The city received 2,000 responses from the public during an uncommonly collaborative selection process. Much has been made of the selected plan’s homage to the Wabanaki and of its use of “mass timber,” an environmentally friendly category of wood...
A $100 million investment that will transform the museum for the better should not be threatened by an inflexible rule.
December 14, 2023
By The Editorial Board
This article appears in the Portland Press Herald.
“The sale for $2.1 million means the Portland Museum of Art gains flexibility for expansion.”
That’s from an Oct. 2019 Press Herald report on the sale of 142 Free Street to the to the Portland Museum of Art. The Free Street building started out as a theater in 1830 and, over the course of three renovations – one by the renowned and prolific Maine architect John Calvin Stevens in 1921 – also served as a home to the Portland Chamber of Commerce and the Children’s Museum of Maine.
The buzz about the museum’s new capacity for expansion was sustained throughout COVID-19. By Feb. 2022, our report about the plan to double the size of the campus referred again to the acquisition of the former Children’s Museum building as “a golden opportunity” for the PMA.
A lot has crystallized in the intervening months. The museum’s $85 million expansion project is now a dazzling $100 million project. After an international contest resulting in a shortlist of four proposals, a jury selected the proposal of LEVER Architecture, a design firm with offices in Oregon and California.
And, crucially, the development is at a standstill: 142 Free Street carries a designation that protects the structure from the demolition required to build in its place.
The city’s Historic Preservation Board is in the process of reviewing the museum’s application to have that designation removed and clear the way for building. The planning board will review the application and Portland City Council, taking those determinations and other factors into account, will make a call.
We believe the council should support the museum’s effort to recreate its campus – and, in the process, to revive the part of town we sometimes refer to as the Arts District, which lately feels to be at a very perilous crossroads.

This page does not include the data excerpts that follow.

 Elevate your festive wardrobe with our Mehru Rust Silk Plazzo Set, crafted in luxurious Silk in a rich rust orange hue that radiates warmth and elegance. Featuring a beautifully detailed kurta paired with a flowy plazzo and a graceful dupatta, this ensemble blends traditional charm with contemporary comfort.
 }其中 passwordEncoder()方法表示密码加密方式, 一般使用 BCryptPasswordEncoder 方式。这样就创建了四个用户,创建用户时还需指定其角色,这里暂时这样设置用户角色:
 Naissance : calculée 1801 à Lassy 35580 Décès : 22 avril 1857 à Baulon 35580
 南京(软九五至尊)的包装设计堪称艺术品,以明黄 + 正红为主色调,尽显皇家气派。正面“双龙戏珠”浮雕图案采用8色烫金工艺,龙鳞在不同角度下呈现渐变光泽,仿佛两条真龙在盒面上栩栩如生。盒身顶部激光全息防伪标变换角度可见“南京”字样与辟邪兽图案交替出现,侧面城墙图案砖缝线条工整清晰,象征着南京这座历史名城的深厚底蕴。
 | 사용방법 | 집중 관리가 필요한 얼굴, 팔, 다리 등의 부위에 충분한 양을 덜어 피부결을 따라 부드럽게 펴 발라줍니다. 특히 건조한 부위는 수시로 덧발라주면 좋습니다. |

The preservation of city history matters; decision makers must take care not to set a bad precedent. This editorial board sees this case as unique, however, with unique, unmissable upsides for Portland if the project can proceed as planned.
The renderings of the LEVER design show the new wing to be modern, tall, glassy and generally capacious. The city received 2,000 responses from the public during an uncommonly collaborative selection process. Much has been made of the selected plan’s homage to the Wabanaki and of its use of “mass timber,” an environmentally friendly category of wood product that the museum wants to source here in Maine.

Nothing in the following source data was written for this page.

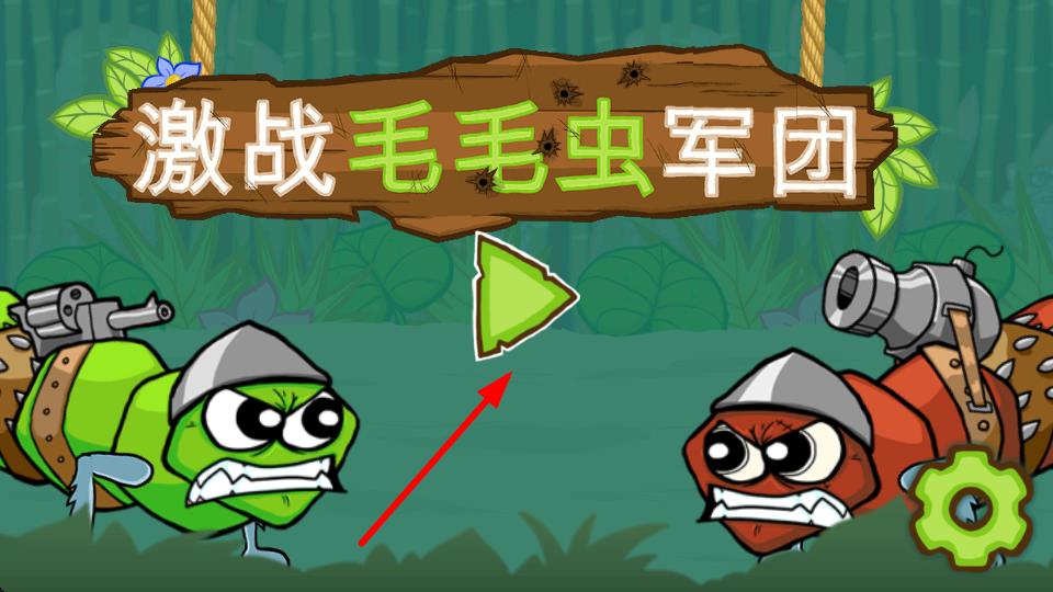 1、打开激战毛毛虫军团游戏,进入初始界面,会看到界面中有绿色开始标识,点击它进入游戏模式选择界面。
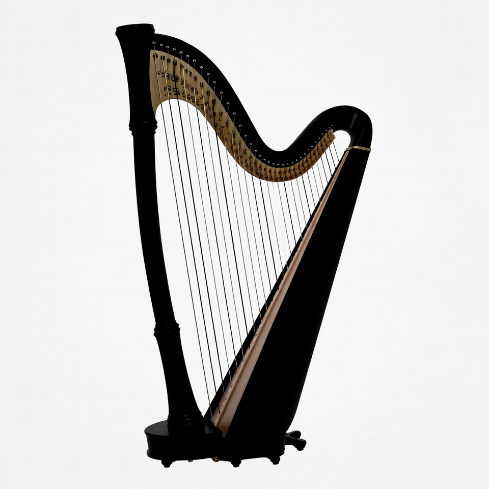 black harp, classical music, concert harp, elegant harp, gold strings, harp illustration, isolated background, musical instrument, orchestra instrument, pedal harp, string instrument, upright harp, white background, harp
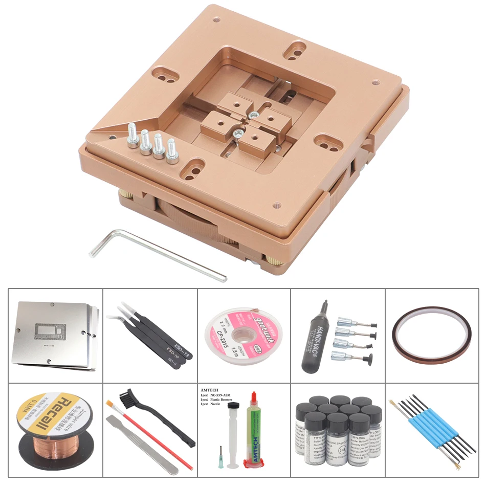 Différentes tailles de billes et autres mailles en acier sont disponibles pour s'adapter à la bille BGA. Elle peut être équipée de mailles en acier de 80 x 80 mm et de 90 x 90 mm, pour des performances élevées et une large gamme d'applications Listing 2 : 1 x pour BGA relist Listing 3 : 10 x templates+ 1 x for BGA relist Pochoirs 0.3mm à 0.76mm Kit De Reballing Table Billes Lourdes BGA 90 Mm Avec 10 Pochoirs Poinçons Soudure BGA Caractéristiques : * * Matériaux : * 90 mm argent pour gabarit de table robuste BGA support de fixation PCB * 10 modèles * Facile à utiliser et polyvalent. Facile à utiliser et polyvalent : ce kit de reballage est facile à utiliser, ce qui le rend adapté pour les professionnels et les amateurs de bricolage. Il peut être utilisé pour une large gamme d'appareils électroniques. Harnais pour souffleur BGA 250 et BGA 160 Rebillage de composant BGA en France Dimensions : 9 x 8 x 3 cm. 【Pour kit de rebondissement】Fabriqué en matériaux, ce kit de reballage est conçu pour être durable. Caractéristiques : Type (facultatif) : 10 modèles, table HT-90, 10 modèles + table HT-90., Matériau : métal., Couleur : argenté.

Unfortunately, the case for the demolition of the column-fronted Free Street building, heavy on inclusivity and social justice, has been clumsy at times. Mark Bessire, the museum’s director, said in one interview that the museum needed to create distance between itself and the “unfortunate legacies” of the Jim Crow era.

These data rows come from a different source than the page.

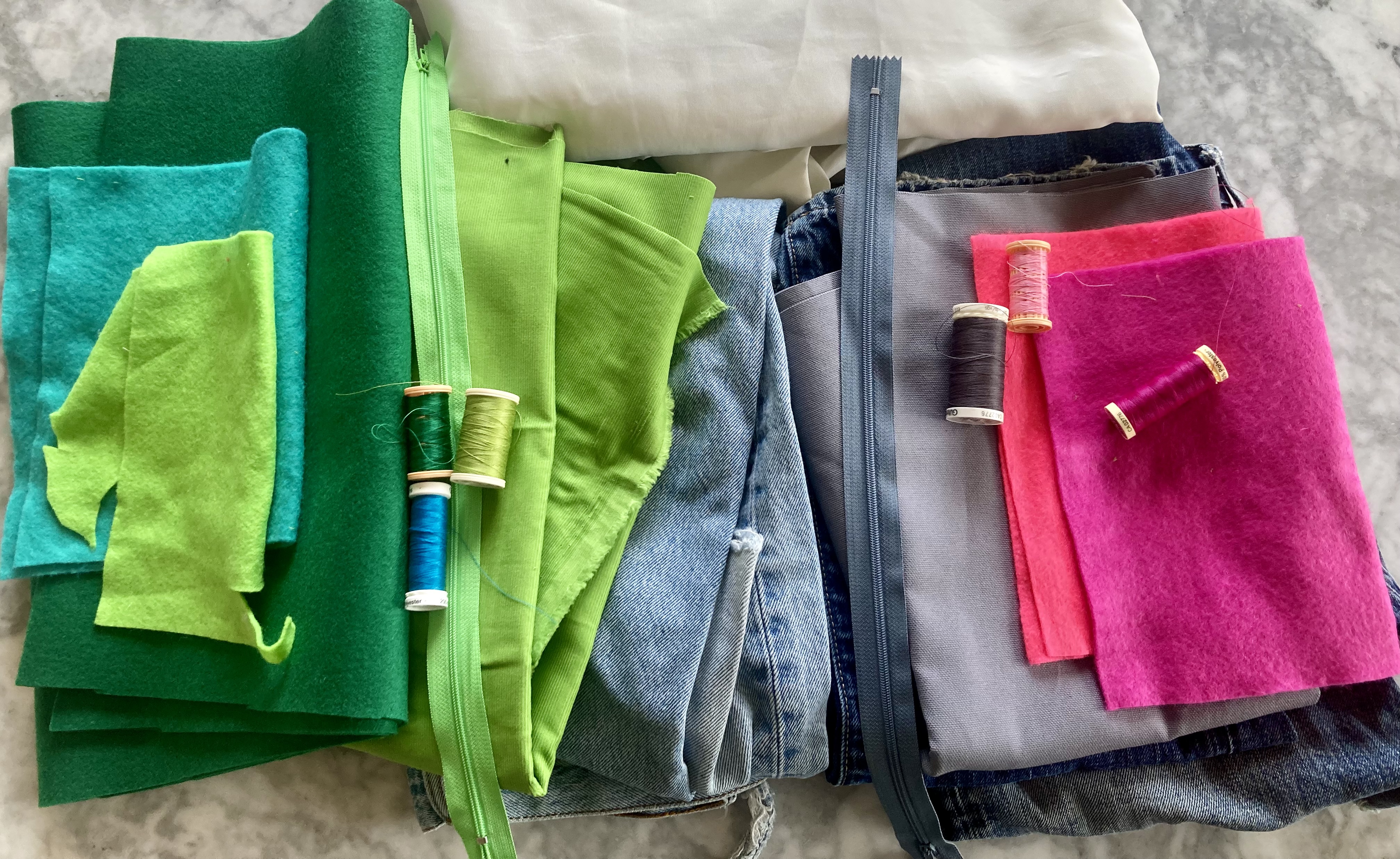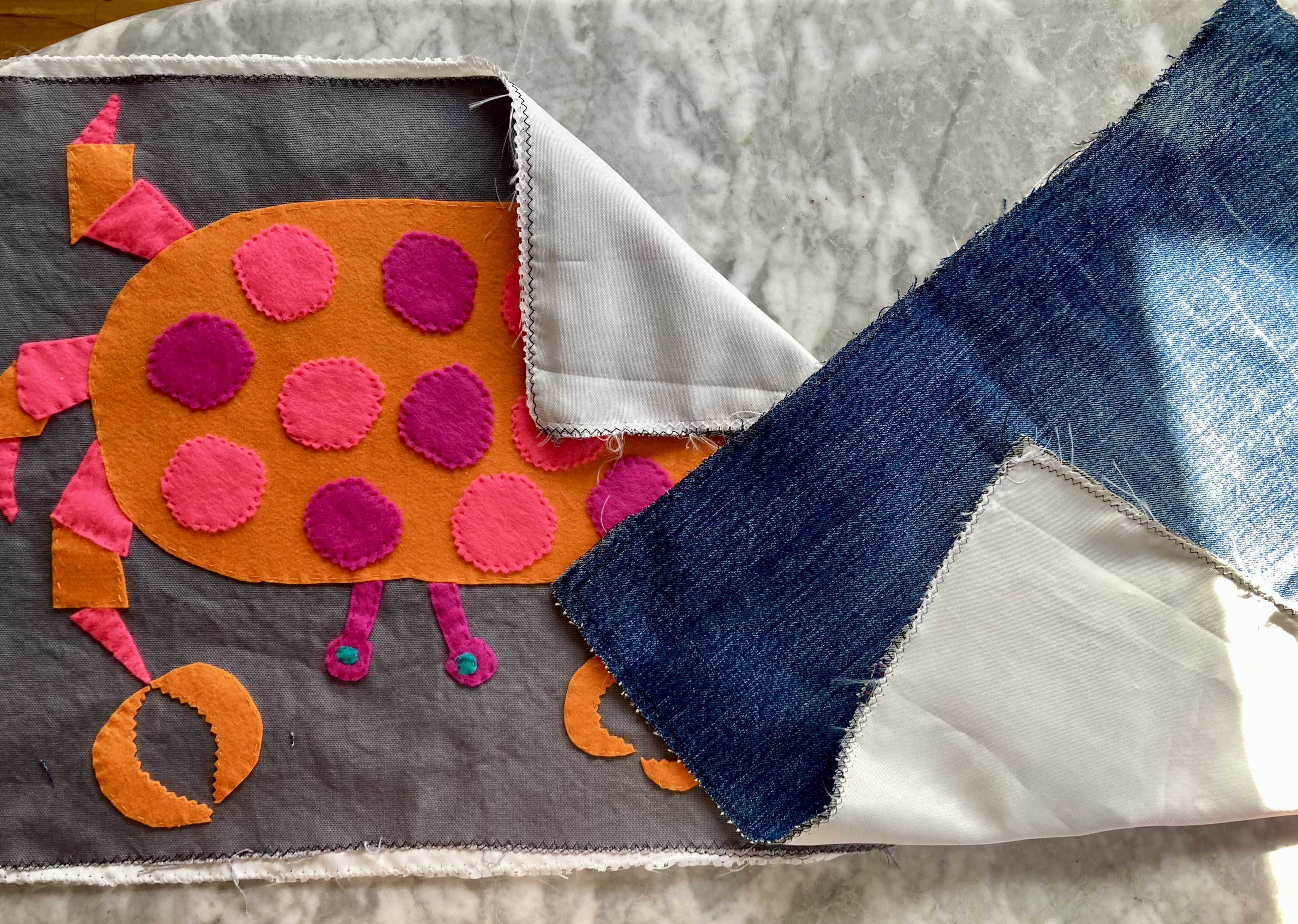 My backing fabric was from the leg of an old pair of jeans from the upcycling drawer. I used the leg seam as the bottom of the bag and found some lining material to match. Cristanne Miller’s book on Emily Dickinson’s grammar made an excellent straightening guide.
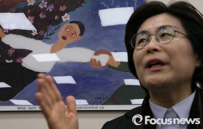 △1960 서울 △예일여고·이화여대 문리대, 동대학원 석사·한양대 행정학 박사 △전 더불어민주당 최고위원·현 국회 여성가족위원장 등(서울=포커스뉴스) 5일 오전 서울 여의도 국회에서 여성가족위원회 전체회의가 산회된 후 취재진 질문에 답변하는 유승희 위원장 뒤로 故 김순덕 위안부 피해 할머니 유작 '끌려감'이 보이고 있다. 이날 여가위는 한일 위안부 합의와 관련 여성가족부의 현안보고를 들으려 했으나, 여야 간사간 협의가 이루어지지 않은 점을 들어 여당 의원과 김희정 장관은 참석하지 않았다. 2016.01.05 박동욱 기자
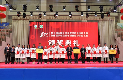 大赛中,来自46所高校的参赛队伍展开了激烈角逐,展示了深厚的理论功底和高超的实践技艺,显示了良好的应变能力和高度的团队精神,呈现了一场场精彩的医学盛宴。经过2天的高水平比拼,南昌大学、福建医科大学最终斩获本次华东分区赛特等奖,同济大学、蚌埠医学院、浙江中医药大学获一等奖,赣南医学院、温州医科大学、南京大学、南京医科大学、山东大学、山东第一医科大学获二等奖,上海健康医学院等34所高校代表队获三等奖。大赛还评选出单项奖20项。我校获最佳风尚奖,并与团体前11的参赛队一同晋级全国总决赛。
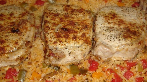 "This is my favorite pork chop recipe. The rice is both colorful and flavorful, and the chops are so tender that they fall off the bone."
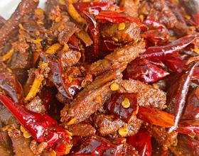 - 7. 这时将事先准备的辣椒,花椒,桂皮,八角放入油锅中炒,再将炸好的牛肉条放入
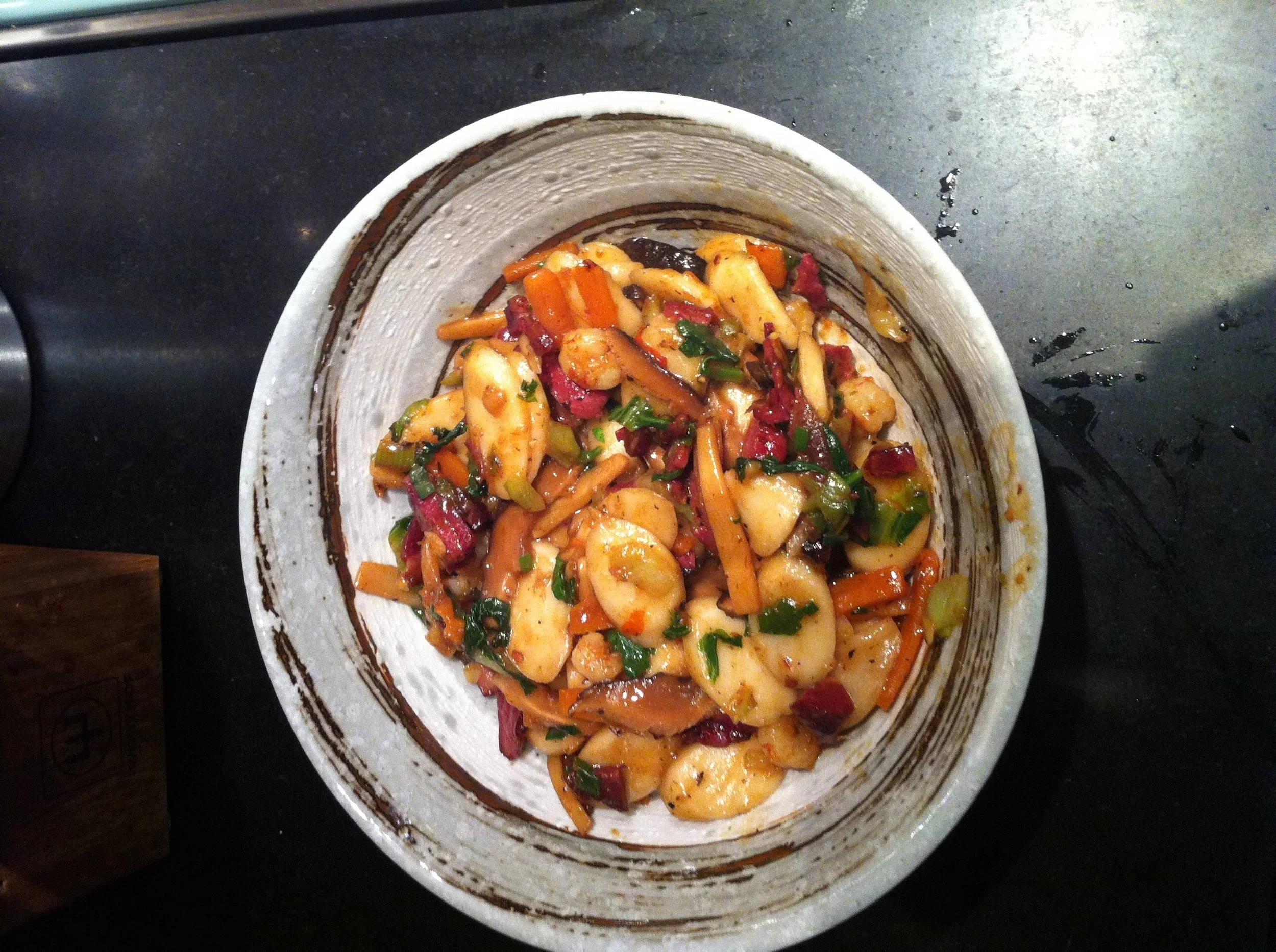 Cook and remove shrimp, squid and scallops and add to bowl of sausage and chicken

Museum leadership has also seized on an assertion by the president of the board of the Children’s Museum that “New Mainers” found the columns of the 142 Free Street façade especially unwelcoming and “psychologically intimidating.” If inclusion is indeed central to the drive for expansion, the PMA would do well to strike the term “paradigm shift” from its slogan for the project.
In general, the museum and the many supporters of the LEVER vision shouldn’t shy away from making a cold, hard case for the demolition of this building. The city stands to reap the benefits of a major investment that draws people to the museum. Despite a population boom and a growing collection of impressive work, museum visits have yet to return to pre-pandemic levels. Congress Square is in bad shape right now – vacant buildings and units now threaten to outnumber those occupied.
The PMA’s imposing brick front and lack of an obvious entrance seems likely to have shut out infinitely more people than the white columns of the former Children’s Museum ever did. The museum has poured time and money into a proposal that promises to correct that and convert itself into an inviting mainstay for the general public.
The far-reaching cultural, civic, social and economic benefits of this investment should outweigh competing concerns.